Amazon CEO Jeff Bezos was briefly ousted this week as the richest person in the world by Bernard Arnault, CEO of French conglomerate LVMH, in large part thanks to China’s appetite for luxury goods. While this is good news for Arnault, China’s recovery – and a redoubled appetite not just for luxury goods but raw materials – is a mixed bag for the rest of the world, including the United States.
Arnault had an approximate net worth of around $ 192 billion, according to Forbes’ real-time tracker, compared to around $ 188 billion for Bezos. While broader market forces also played a role, Arnault’s rise to the top was aided by investors rewarding LVMH’s strong performance :, as well as. Much of this increase in income can be attributed to post-pandemic demand from wealthy Chinese consumers.
Consulting firm Bain & Company noted in a report released earlier this month: “China is driving recovery through continued repatriation and accelerating domestic luxury spending… China’s appetite and Chinese nationals for luxury remains insatiable.
But demand for raw materials and components is the narrative that will guide the recovery trajectory at home and abroad, a trajectory that threatens to eclipse the recovery in Chinese consumer spending. A global semiconductor shortage has crippled manufacturers in both East and West, and prices for commodities like metals, petroleum and concrete have risen, weighing on earnings projections for everyone from builders to homes to car manufacturers.
“They are already in a different frame of mind compared to the rest of the world,” said Alexis Garatti, head of macroeconomics at Euler Hermes, of China’s recovery.

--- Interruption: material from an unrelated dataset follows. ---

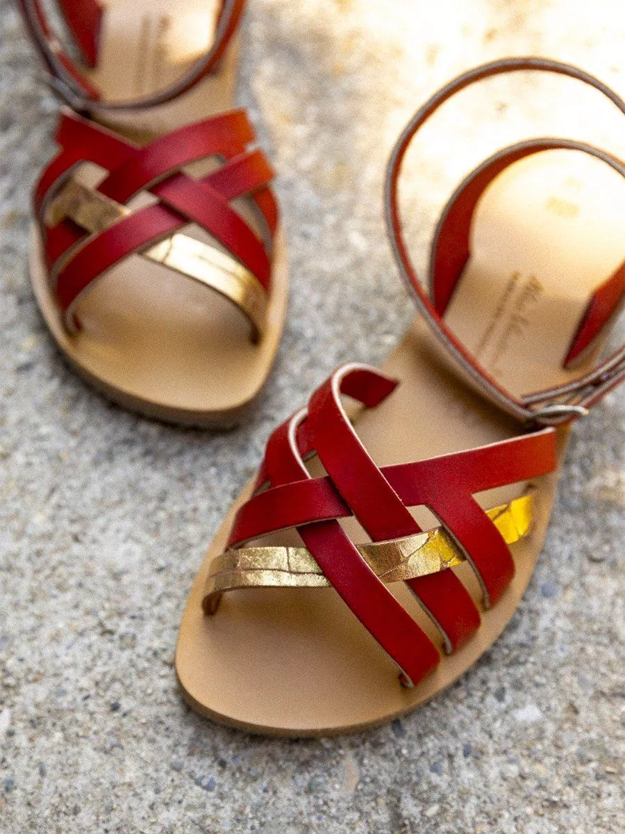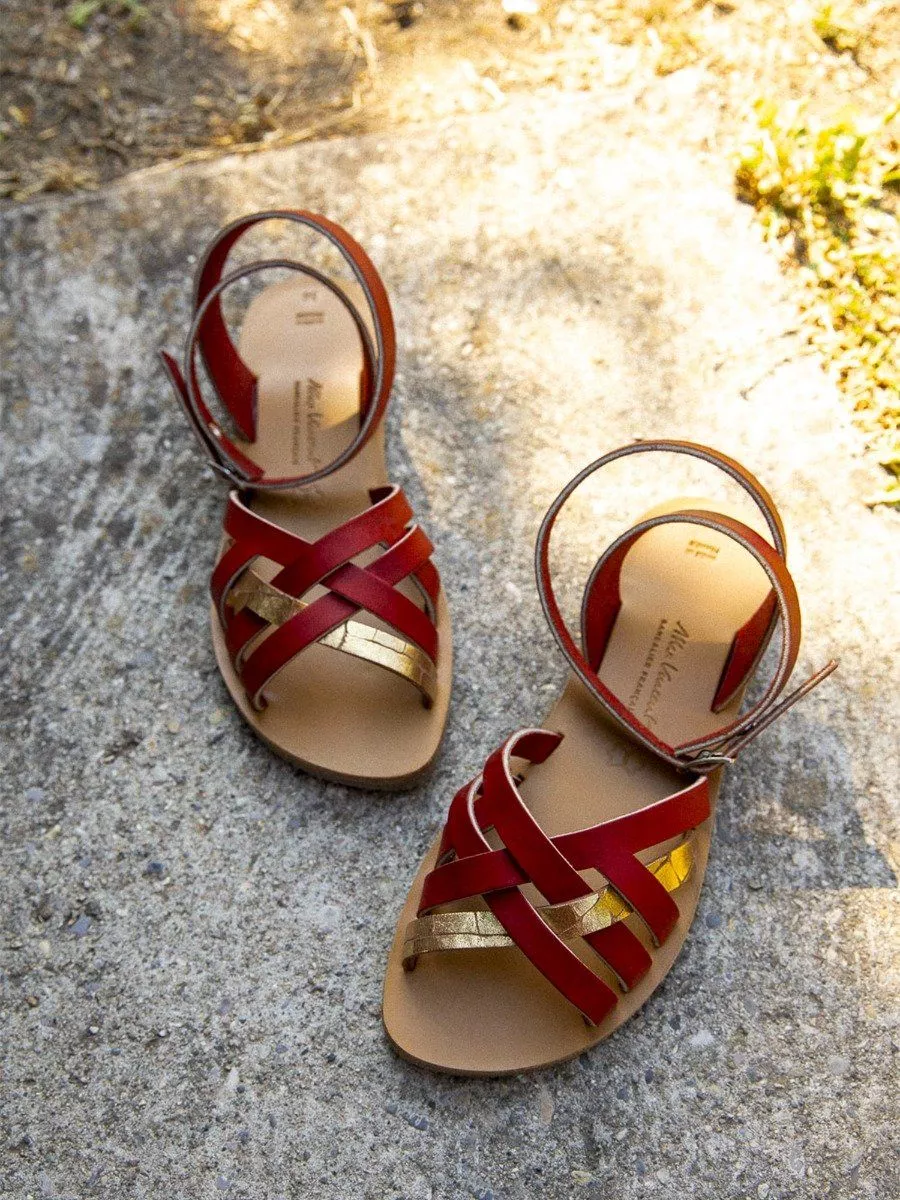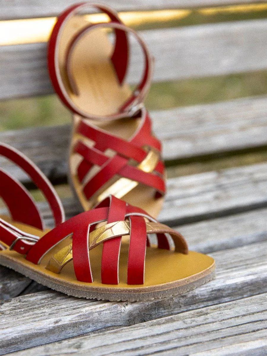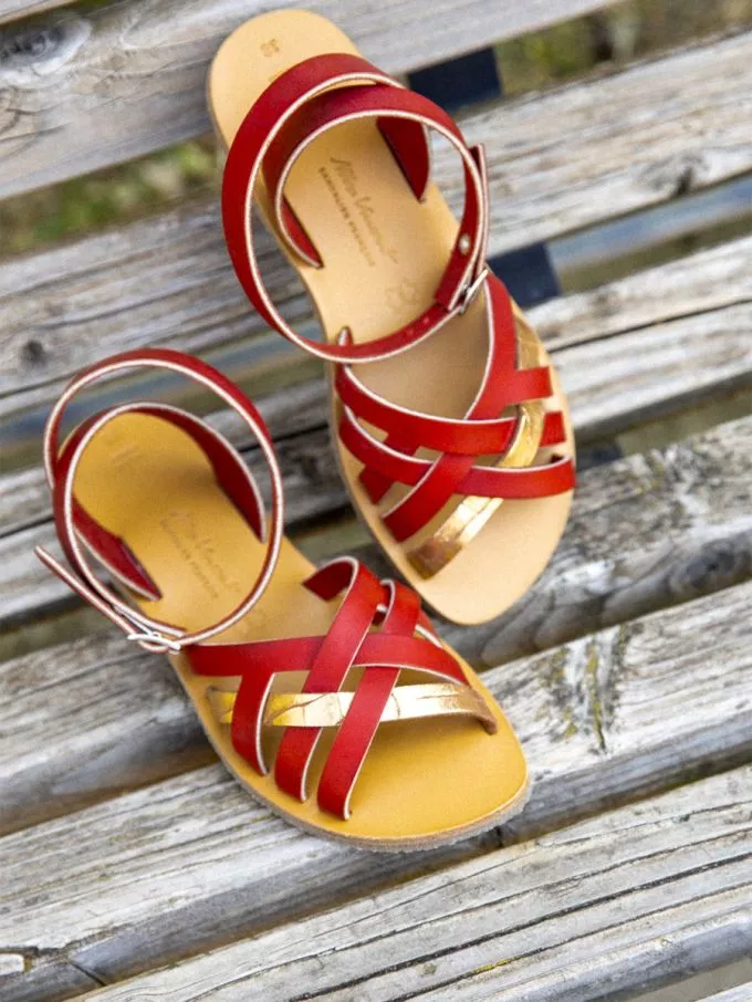 Sandales brides croisees murcia alba cuir tannage vegetal rouge dore femme

These higher price increases will hit producers on both sides of the Atlantic, but the pain will not be shared equally, Garatti said. “We expect the margin to shrink,” he said, with the European Union being hit harder, reflecting the higher sensitivity of the euro area to price movements and the exposure of the companies to which they are. are facing.
“The bottom line is that the United States and China are recovering very quickly now. So you have the two largest economies in the world rebounding strongly [and] driving up the prices of things like copper, iron and wood, ”said David Dollar, senior researcher at the Brookings Institution.
“Much of the rest of the world is recovering unevenly … for the United States and China, it’s a mixed blessing that the other recovery tends to push up the prices of certain things.” , did he declare. “The combination drives up prices and it affects manufacturers on both sides of the Pacific. “
There is one big difference that could turn into an advantage for US economic activity: Home buying, despite some recent price pressures, has been held up overall as the country shifts to a post-pandemic economy. . These purchases are a key driver of downstream consumer activity, Dollar said, as people who buy homes often also buy home appliances, furniture, and home improvement goods and services. “Consumption in America has held up quite well,” he said. As the economy fully reopens, spending on services has also shown signs of stabilizing.
However, declining returns on investment and high public debt mean Beijing may find it difficult to maintain the status quo.
Even with wealthy Chinese consumers keen to purchase luxury goods, there isn’t the same kind of real estate-driven demand, Garatti said. “We do not see, for the moment, a very strong acceleration in consumption,” he said. “In China, to have high consumption, you also need a very strong housing market,” and Beijing, where rampant speculation has ignited the housing market, is looking for ways to curb this activity.
“I would expect luxury goods to boom, but that’s not the same as saying you’re going to have a generally consumer-driven recovery,” said Jacob Kirkegaard, senior researcher at Peterson Institute for International Economics.
On the contrary, Kirkegaard said that China’s voracious consumption of raw materials was based on a model of economic growth fueled by debt. “The demand for raw materials… has traditionally been associated with a growth model in China that is very investment-intensive,” he said. “And that has been a model of growth which has also led to a very high level of debt.”
Falling returns on investment, rising corporate debt and high public debt mean Beijing will struggle to maintain the status quo any longer, Kirkegaard said. “The rebound in Chinese growth is largely driven by infrastructure investment – not consumption – and, in my opinion, this is causing imbalances in the Chinese economy,” he said.